Considering the problem in terms of information retrieval rather than classification, instead of returning “associated” when the similarity score was above a threshold, we instead returned the top N matching results in case we missed any close matches. To reflect this use case, we also present an example histogram of similarity scores in Figure 2. This alerted us if a high proportion of “associated” results had a low similarity score. Note that there are few “associated” DASORs appearing outside of the top 50 similarity results. 

Figure 2: Probability density plot and histogram of DASOR similarity model results. 

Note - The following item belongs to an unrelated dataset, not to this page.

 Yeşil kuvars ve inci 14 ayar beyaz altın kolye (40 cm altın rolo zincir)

The models were then used to generate embeddings for all DASORs, which could then be analysed to confirm if DASOR semantics had been captured. Similar topic DASORs should generate similar embeddings, so if we can visualise the distribution of all DASOR embeddings, similar topic DASORs should cluster together. As the embeddings have 300 dimensions, we needed to map them into a twodimensional space, so we could then easily display their relative position and look for clusters. However, for this to work, the mapping must preserve relative distances between points. We could not simply discard 298 dimensions as one of these could show high disparity. We opted to use t-distributed stochastic neighbour embedding (t-SNE), as it is designed so that similar objects are modelled by nearby points and dissimilar objects are modelled by distant points, enabling a simple visual check. We labelled all embedding results with their specific DASOR sub-type (if appropriate, DASORs can be generic or specifically associated with parachuting, bird strikes, etc), with results presented in Figure 3. Not all DASORs have a specific type; these are coloured grey and form the majority of DASORs. However, there are visual clusters appearing such as the orange, green, navy blue and light blue types. This shows promise, as the various flags are clustered, which implies that similar types of DASOR generate similar embeddings. 

Figure 3: t-SNE plot of DASOR embeddings, DASORs coloured by sub-type. 

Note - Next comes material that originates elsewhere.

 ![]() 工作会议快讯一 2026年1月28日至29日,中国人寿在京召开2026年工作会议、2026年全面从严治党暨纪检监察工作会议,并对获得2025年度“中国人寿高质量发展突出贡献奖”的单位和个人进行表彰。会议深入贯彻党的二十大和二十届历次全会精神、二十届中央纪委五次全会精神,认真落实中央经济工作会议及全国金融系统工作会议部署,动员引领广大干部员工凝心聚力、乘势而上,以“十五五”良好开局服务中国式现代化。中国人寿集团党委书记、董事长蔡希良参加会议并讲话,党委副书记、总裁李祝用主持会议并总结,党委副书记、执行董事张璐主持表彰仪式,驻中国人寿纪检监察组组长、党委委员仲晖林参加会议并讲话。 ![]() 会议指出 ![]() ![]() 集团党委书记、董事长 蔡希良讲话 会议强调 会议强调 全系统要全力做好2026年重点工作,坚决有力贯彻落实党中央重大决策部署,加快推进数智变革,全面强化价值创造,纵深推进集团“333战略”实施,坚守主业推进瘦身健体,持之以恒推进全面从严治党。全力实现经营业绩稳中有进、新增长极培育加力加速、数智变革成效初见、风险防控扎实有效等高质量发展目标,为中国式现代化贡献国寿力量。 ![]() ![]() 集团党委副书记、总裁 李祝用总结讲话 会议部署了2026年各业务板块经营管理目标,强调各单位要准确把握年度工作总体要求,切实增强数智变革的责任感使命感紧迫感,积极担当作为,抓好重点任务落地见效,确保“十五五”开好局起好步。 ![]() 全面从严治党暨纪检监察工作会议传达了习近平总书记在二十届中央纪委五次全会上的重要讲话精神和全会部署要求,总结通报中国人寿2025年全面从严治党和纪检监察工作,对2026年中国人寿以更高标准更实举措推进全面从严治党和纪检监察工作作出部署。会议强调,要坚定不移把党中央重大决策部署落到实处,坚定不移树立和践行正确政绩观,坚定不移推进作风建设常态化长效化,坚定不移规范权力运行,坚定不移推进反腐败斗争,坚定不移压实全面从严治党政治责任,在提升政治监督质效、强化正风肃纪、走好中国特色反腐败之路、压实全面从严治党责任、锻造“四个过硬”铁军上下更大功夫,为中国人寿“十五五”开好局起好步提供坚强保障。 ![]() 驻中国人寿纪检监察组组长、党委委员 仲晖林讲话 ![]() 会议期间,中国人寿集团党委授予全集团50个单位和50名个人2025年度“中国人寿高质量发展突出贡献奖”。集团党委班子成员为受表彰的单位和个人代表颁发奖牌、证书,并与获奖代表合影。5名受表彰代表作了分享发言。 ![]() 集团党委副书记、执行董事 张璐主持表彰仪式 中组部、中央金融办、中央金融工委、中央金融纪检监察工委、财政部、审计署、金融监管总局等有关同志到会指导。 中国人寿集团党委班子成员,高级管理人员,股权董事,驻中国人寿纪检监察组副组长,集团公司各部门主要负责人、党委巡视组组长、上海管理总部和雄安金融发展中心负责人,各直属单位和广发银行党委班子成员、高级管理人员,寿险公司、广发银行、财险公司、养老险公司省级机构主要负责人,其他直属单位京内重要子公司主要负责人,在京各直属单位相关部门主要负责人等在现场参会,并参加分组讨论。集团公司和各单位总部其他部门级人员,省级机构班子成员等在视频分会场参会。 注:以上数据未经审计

Further, marking DASORs associated to particular aircraft types highlights if DASORs for this aircraft are similar, an example of which is shown in Figure 4. Again, DASORs clustered, which is to be expected. For example, jet aircraft versus turboprop and passenger versus transport aircraftall have different tasks and equipment, so they should cluster. This mapping enables a domain expert to identify clusters of DASORs and check for patterns, as well as variation over time. This may still reveal hundreds of DASORs, but it is a large improvement on the initial dataset, which contains over 100,000 records. A cluster could be analysed by similarity of the numerical fields, as discussed in the next section, or other text analysis or time series trends, both of which are discussed later. 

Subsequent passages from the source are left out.